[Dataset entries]
-------

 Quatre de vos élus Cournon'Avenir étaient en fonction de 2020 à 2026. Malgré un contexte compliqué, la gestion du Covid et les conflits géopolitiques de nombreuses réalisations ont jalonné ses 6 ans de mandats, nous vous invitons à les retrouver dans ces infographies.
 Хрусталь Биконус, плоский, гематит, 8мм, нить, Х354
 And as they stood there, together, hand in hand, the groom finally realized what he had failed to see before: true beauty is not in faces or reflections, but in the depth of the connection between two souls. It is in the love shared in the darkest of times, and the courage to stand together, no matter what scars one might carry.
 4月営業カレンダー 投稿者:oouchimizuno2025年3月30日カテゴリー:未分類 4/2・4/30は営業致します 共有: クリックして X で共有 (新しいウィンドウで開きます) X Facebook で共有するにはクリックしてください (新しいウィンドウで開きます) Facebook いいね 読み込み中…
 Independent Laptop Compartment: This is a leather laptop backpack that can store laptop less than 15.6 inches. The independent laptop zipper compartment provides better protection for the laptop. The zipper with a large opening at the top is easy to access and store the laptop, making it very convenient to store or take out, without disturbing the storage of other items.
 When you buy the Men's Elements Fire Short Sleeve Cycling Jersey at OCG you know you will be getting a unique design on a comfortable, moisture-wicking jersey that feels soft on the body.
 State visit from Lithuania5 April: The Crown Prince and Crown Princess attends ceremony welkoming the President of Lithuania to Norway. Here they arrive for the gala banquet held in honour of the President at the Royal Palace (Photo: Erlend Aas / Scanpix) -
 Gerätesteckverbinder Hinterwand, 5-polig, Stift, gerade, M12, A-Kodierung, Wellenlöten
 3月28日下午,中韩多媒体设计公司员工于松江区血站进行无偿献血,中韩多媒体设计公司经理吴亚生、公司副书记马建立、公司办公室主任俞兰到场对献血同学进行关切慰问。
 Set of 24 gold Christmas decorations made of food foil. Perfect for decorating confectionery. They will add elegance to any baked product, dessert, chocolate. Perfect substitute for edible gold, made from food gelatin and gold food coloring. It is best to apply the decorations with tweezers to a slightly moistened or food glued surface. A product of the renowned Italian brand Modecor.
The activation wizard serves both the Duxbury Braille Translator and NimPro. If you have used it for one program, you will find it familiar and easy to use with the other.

-------

Each record above must be transcribed exactly, and none may be skipped.

 Quatre de vos élus Cournon'Avenir étaient en fonction de 2020 à 2026. Malgré un contexte compliqué, la gestion du Covid et les conflits géopolitiques de nombreuses réalisations ont jalonné ses 6 ans de mandats, nous vous invitons à les retrouver dans ces infographies.
 Хрусталь Биконус, плоский, гематит, 8мм, нить, Х354
 And as they stood there, together, hand in hand, the groom finally realized what he had failed to see before: true beauty is not in faces or reflections, but in the depth of the connection between two souls. It is in the love shared in the darkest of times, and the courage to stand together, no matter what scars one might carry.
 4月営業カレンダー 投稿者:oouchimizuno2025年3月30日カテゴリー:未分類 4/2・4/30は営業致します 共有: クリックして X で共有 (新しいウィンドウで開きます) X Facebook で共有するにはクリックしてください (新しいウィンドウで開きます) Facebook いいね 読み込み中…
 Independent Laptop Compartment: This is a leather laptop backpack that can store laptop less than 15.6 inches. The independent laptop zipper compartment provides better protection for the laptop. The zipper with a large opening at the top is easy to access and store the laptop, making it very convenient to store or take out, without disturbing the storage of other items.
 When you buy the Men's Elements Fire Short Sleeve Cycling Jersey at OCG you know you will be getting a unique design on a comfortable, moisture-wicking jersey that feels soft on the body.
 State visit from Lithuania5 April: The Crown Prince and Crown Princess attends ceremony welkoming the President of Lithuania to Norway. Here they arrive for the gala banquet held in honour of the President at the Royal Palace (Photo: Erlend Aas / Scanpix) -
 Gerätesteckverbinder Hinterwand, 5-polig, Stift, gerade, M12, A-Kodierung, Wellenlöten
 3月28日下午,中韩多媒体设计公司员工于松江区血站进行无偿献血,中韩多媒体设计公司经理吴亚生、公司副书记马建立、公司办公室主任俞兰到场对献血同学进行关切慰问。
 Set of 24 gold Christmas decorations made of food foil. Perfect for decorating confectionery. They will add elegance to any baked product, dessert, chocolate. Perfect substitute for edible gold, made from food gelatin and gold food coloring. It is best to apply the decorations with tweezers to a slightly moistened or food glued surface. A product of the renowned Italian brand Modecor.
The activation wizard serves both the Duxbury Braille Translator and NimPro. If you have used it for one program, you will find it familiar and easy to use with the other.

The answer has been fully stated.